Fig. 2.. Intestinal Hodor/Tor signalling promotes food intake.

a, hodor mutants are more translucent than controls. b-c, Total triacylglycerides (TAG) normalised to weight in hodor (b) mutants and larvae overexpressing hodor (c). d, Lipid droplets within the fat body of hodor mutants and controls. e, Fat body lipid droplet (LD) size is reduced in hodor mutants. (L2 larvae were used in a-e). f, Reduced intestinal contents in L1 hodor mutants fed dye-laced food (45min). g-j, Food intake (g, h) or mouth hook contraction (i, j) quantifications for L1 hodor mutants (g, i) or L2 larvae overexpressing hodor in hodor-expressing cells (h,j). k-l, Ilp2 staining (quantification, k and representative images, l) of L2 brains of controls vs hodor mutants. m-n, Ectopic Ilp2 expression (hs-Ilp2) rescues the developmental delay of hodor mutants (m), but not their food intake (n). o, Reduced pAkt and pS6K in L2 hodor mutants compared to controls. p, The developmental delay of hodor knockdowns is exacerbated or rescued when the Tor pathway is simultaneously depleted (Tor-RNAi) or activated (S6K^STDETE), respectively, specifically in hodor-expressing cells. These manipulations did not affect the development of wild-type larvae (Extended Data Fig. 3j). q, The hodor mutant developmental delay is rescued by activation of the Tor pathway (S6K^TE – weaker than S6K^STDETE – or UAS-Rheb) specifically in hodor-expressing cells. r, The reduced food intake of L2 hodor mutants is rescued by Tor pathway activation specifically in hodor-expressing cells (hodor>Rheb). See Supplementary information for sample sizes and full genotypes. Mann Whitney U tests or ordinary one-way ANOVA with Tukey post-hoc tests were used for two-group or more than two group comparisons, respectively. Significance values: p< 0.05 *, p< 0.01 **, p< 0.001 ***. Box plots: line, median; box, 75th–25th percentiles; whiskers, minimum to maximum. Scale bars: a, 500μm; b, 20μm; f, 100μm; k, 15μm.

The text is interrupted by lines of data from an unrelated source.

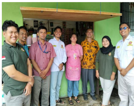
Gambar 1. Kunjungan Unit Usaha Rw

Kegiatan pelatihan kewirausahaan yang diselenggarakan di Aula Karang Taruna Kelurahan Kapuk, Cengkareng pada 13 September dan 1 Desember 2025 menghasilkan perkembangan pemahaman dan kesiapan praktis anggota Karang Taruna sebanyak 21 orang dalam aspek-aspek inti kewirausahaan. Secara umum, peserta menunjukkan peningkatan sikap entrepreneurial dan kemampuan aplikatif yang konsisten dengan tujuan program untuk menggeser pola pikir dari sekadar mencari kerja menjadi menciptakan lapangan kerja, sebagaimana ditekankan dalam materi mindset kewirausahaan [7]. Observasi selama sesi interaktif dan lokakarya menunjukkan partisipasi aktif, gagasan usaha yang relevan dengan permasalahan lokal, serta kemauan untuk mengambil risiko terukur dan tahan terhadap kegagalan kecil—indikator penting dari mentalitas pantang menyerah. Hasil ini sejalan dengan temuan bahwa pengembangan mindset wirausaha pada usia muda dapat menumbuhkan sikap kreatif, inovatif, mandiri, dan resiliensi [8].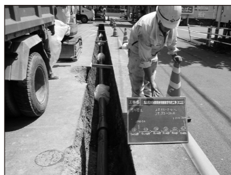
▲第7次整備 耐震直送管を布設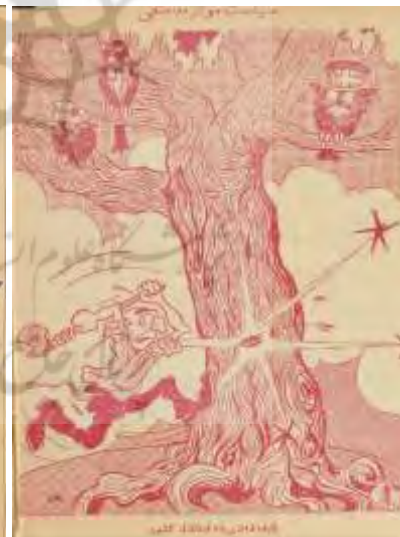
شکل ۱۲- مردم، ۱۹ دی ۱۳۲۴- ش ۱۴

Fig. 3.. Hodor is a zinc-gated chloride channel that controls dietary zinc preference and lysosomal functions.

a, Predicted pentameric complex; one monomer shown in blue. b, Left: only oocytes injected with Hodor respond to zinc. Middle graph: current-voltage (I-V) of zinc-activated currents. Right: zinc dose response (estimated EC50: 75.20μM, 95% confidence interval 58.63–94.65μM). c, Increased intracellular chloride (decreased 458nm/543nm ClopHensor ratio) in interstitial cells of L1 hodor mutants (20mM controls, 64mM in hodor mutants, calibration in Extended Data Fig. 6h). Representative 458nm images are shown. d, Zinc supplementation of a low-yeast diet increases food intake in controls, but not hodor mutants. e, Controls (but not hodor mutants) develop a preference (positive values) for a zinc-supplemented low-yeast diet, significant after 45h. ZnCl₂ was used (ZnSO₄ also elicited preference, not shown). f, Hodor is enriched on the apical (luminal) side of interstitial cells: on the brush border (arrow, phalloidin-positive) and intracellularly. g, h, A subpopulation of compartments positive for Lysotracker (g) and Lamp1-mCherry (h) co-express Hodor in interstitial cells (larvae were starved for 4h for improved lysosomal visualisation). i, A GFP-mCherry-Atg8a reporter reveals increased production of mCherry-positive autophagic punctae in interstitial cells; some are positive for GFP (normally quenched under acidic conditions). Single confocal slices for each channel are shown below. j, k, Knockdown of V-ATPase complex subunits from interstitial cells (hodor-Gal4) but not from other enterocytes (R2R4-Gal4) delays pupariation (j) and/or reduces food intake (k). See Supplementary information for sample sizes and full genotypes. Mann Whitney U tests or ordinary one-way ANOVA with Tukey post-hoc tests were used for two-group or more than two group comparisons, respectively. Significance values: p< 0.05 *, p< 0.01 **, p< 0.001 ***. Box plots: line, median; box, 75th–25th percentiles; whiskers, minimum to maximum. Some images were false-coloured for consistency. N: nucleus. Scale bars: e, 30μm; f, g and h, 10μm; i, j and k, 30μm: l, 50μm.